Task description → Up to and including the line that contains "注意:在上述代码中,还有一个", write out each line of the material from its first line, exactly.

Listed records →
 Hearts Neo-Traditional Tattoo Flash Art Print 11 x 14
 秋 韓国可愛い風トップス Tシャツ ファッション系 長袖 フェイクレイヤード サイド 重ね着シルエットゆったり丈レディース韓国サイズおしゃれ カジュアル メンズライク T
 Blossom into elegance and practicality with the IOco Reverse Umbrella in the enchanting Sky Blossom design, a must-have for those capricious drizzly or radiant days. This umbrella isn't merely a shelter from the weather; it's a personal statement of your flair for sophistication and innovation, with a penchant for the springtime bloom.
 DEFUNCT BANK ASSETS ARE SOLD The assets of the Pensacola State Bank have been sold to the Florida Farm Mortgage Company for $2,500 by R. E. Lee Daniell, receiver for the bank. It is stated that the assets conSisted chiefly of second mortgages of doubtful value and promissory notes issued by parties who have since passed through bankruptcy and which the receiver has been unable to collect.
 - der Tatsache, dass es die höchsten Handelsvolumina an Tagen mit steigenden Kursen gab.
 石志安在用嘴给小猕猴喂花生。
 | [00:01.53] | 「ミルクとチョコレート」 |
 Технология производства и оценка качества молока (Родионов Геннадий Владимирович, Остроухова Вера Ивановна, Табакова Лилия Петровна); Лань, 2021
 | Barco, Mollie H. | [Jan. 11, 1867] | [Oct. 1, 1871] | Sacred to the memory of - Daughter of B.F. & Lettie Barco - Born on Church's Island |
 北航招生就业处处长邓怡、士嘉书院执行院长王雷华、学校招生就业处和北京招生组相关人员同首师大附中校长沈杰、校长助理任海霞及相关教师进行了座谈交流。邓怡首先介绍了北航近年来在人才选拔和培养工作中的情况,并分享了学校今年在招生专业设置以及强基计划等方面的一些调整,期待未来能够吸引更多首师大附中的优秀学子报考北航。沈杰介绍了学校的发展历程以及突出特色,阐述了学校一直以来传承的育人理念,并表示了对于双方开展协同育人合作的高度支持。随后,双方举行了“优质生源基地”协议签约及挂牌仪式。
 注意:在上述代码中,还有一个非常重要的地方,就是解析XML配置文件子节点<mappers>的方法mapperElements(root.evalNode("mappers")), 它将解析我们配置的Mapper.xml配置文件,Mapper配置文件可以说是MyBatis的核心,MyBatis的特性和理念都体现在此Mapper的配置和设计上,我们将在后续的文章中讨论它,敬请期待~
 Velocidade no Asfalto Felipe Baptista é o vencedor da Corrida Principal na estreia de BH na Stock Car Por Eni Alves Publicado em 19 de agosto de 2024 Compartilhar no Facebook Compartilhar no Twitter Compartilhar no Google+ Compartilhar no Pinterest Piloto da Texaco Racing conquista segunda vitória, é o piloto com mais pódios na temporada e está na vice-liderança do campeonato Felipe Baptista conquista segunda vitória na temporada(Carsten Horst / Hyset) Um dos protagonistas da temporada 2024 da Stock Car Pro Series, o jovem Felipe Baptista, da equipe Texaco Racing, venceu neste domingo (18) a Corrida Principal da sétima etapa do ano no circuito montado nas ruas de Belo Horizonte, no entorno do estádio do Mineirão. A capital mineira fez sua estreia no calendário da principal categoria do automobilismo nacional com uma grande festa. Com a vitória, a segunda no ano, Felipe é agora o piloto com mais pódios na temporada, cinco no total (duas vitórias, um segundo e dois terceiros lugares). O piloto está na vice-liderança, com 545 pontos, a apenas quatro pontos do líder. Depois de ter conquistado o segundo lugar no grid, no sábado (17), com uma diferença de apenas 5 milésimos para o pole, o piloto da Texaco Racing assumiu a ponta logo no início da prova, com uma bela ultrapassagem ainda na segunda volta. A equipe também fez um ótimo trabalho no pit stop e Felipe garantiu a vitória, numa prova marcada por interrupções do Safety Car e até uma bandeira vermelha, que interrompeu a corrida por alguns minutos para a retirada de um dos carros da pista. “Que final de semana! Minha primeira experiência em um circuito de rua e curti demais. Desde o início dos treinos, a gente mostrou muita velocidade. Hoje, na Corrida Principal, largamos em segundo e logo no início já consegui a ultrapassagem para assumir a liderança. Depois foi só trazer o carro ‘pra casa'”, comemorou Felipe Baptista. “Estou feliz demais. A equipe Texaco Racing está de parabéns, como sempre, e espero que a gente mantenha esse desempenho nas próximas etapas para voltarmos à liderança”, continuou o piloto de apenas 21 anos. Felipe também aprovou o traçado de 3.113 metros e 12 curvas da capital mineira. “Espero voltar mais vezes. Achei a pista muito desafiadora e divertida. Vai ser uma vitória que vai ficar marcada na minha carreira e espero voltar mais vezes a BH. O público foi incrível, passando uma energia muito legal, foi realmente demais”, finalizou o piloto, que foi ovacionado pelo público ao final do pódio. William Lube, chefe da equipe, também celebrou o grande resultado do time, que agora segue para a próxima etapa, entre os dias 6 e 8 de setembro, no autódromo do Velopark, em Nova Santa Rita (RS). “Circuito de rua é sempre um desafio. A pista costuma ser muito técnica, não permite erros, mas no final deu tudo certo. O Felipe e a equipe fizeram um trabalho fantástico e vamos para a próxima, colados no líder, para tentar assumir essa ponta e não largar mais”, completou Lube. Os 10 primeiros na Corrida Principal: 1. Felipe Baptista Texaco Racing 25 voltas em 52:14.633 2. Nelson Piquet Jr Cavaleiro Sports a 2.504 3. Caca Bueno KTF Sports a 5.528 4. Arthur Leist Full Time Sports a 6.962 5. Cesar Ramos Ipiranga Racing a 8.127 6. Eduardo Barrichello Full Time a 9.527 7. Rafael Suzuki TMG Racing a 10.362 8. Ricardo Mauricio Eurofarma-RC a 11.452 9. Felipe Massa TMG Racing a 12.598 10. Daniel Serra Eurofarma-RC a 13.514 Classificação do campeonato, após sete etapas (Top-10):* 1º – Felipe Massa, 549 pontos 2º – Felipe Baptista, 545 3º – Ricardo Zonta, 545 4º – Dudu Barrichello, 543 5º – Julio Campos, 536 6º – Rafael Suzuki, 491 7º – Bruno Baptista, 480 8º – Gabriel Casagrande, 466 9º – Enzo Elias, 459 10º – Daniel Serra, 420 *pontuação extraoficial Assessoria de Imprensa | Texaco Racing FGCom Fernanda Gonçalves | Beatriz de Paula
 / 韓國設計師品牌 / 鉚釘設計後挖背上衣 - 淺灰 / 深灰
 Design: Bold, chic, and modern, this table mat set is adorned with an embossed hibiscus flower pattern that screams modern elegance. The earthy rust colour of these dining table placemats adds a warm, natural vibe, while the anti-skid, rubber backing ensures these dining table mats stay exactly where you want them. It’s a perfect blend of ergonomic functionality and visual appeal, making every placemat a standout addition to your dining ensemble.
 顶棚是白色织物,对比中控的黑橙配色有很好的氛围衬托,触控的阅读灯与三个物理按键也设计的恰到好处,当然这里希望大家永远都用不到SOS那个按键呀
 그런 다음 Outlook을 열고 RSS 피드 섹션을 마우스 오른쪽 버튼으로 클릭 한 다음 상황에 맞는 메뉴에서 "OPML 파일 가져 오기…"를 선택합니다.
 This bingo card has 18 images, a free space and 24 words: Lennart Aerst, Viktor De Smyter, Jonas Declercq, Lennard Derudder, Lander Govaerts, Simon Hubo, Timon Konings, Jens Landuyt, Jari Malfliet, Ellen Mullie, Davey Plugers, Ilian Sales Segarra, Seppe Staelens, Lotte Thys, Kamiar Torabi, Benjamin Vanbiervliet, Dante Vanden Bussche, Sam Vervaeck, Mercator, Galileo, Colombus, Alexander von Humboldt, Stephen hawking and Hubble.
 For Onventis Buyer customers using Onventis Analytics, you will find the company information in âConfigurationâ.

Output below →
 Hearts Neo-Traditional Tattoo Flash Art Print 11 x 14
 秋 韓国可愛い風トップス Tシャツ ファッション系 長袖 フェイクレイヤード サイド 重ね着シルエットゆったり丈レディース韓国サイズおしゃれ カジュアル メンズライク T
 Blossom into elegance and practicality with the IOco Reverse Umbrella in the enchanting Sky Blossom design, a must-have for those capricious drizzly or radiant days. This umbrella isn't merely a shelter from the weather; it's a personal statement of your flair for sophistication and innovation, with a penchant for the springtime bloom.
 DEFUNCT BANK ASSETS ARE SOLD The assets of the Pensacola State Bank have been sold to the Florida Farm Mortgage Company for $2,500 by R. E. Lee Daniell, receiver for the bank. It is stated that the assets conSisted chiefly of second mortgages of doubtful value and promissory notes issued by parties who have since passed through bankruptcy and which the receiver has been unable to collect.
 - der Tatsache, dass es die höchsten Handelsvolumina an Tagen mit steigenden Kursen gab.
 石志安在用嘴给小猕猴喂花生。
 | [00:01.53] | 「ミルクとチョコレート」 |
 Технология производства и оценка качества молока (Родионов Геннадий Владимирович, Остроухова Вера Ивановна, Табакова Лилия Петровна); Лань, 2021
 | Barco, Mollie H. | [Jan. 11, 1867] | [Oct. 1, 1871] | Sacred to the memory of - Daughter of B.F. & Lettie Barco - Born on Church's Island |
 北航招生就业处处长邓怡、士嘉书院执行院长王雷华、学校招生就业处和北京招生组相关人员同首师大附中校长沈杰、校长助理任海霞及相关教师进行了座谈交流。邓怡首先介绍了北航近年来在人才选拔和培养工作中的情况,并分享了学校今年在招生专业设置以及强基计划等方面的一些调整,期待未来能够吸引更多首师大附中的优秀学子报考北航。沈杰介绍了学校的发展历程以及突出特色,阐述了学校一直以来传承的育人理念,并表示了对于双方开展协同育人合作的高度支持。随后,双方举行了“优质生源基地”协议签约及挂牌仪式。
 注意:在上述代码中,还有一个非常重要的地方,就是解析XML配置文件子节点<mappers>的方法mapperElements(root.evalNode("mappers")), 它将解析我们配置的Mapper.xml配置文件,Mapper配置文件可以说是MyBatis的核心,MyBatis的特性和理念都体现在此Mapper的配置和设计上,我们将在后续的文章中讨论它,敬请期待~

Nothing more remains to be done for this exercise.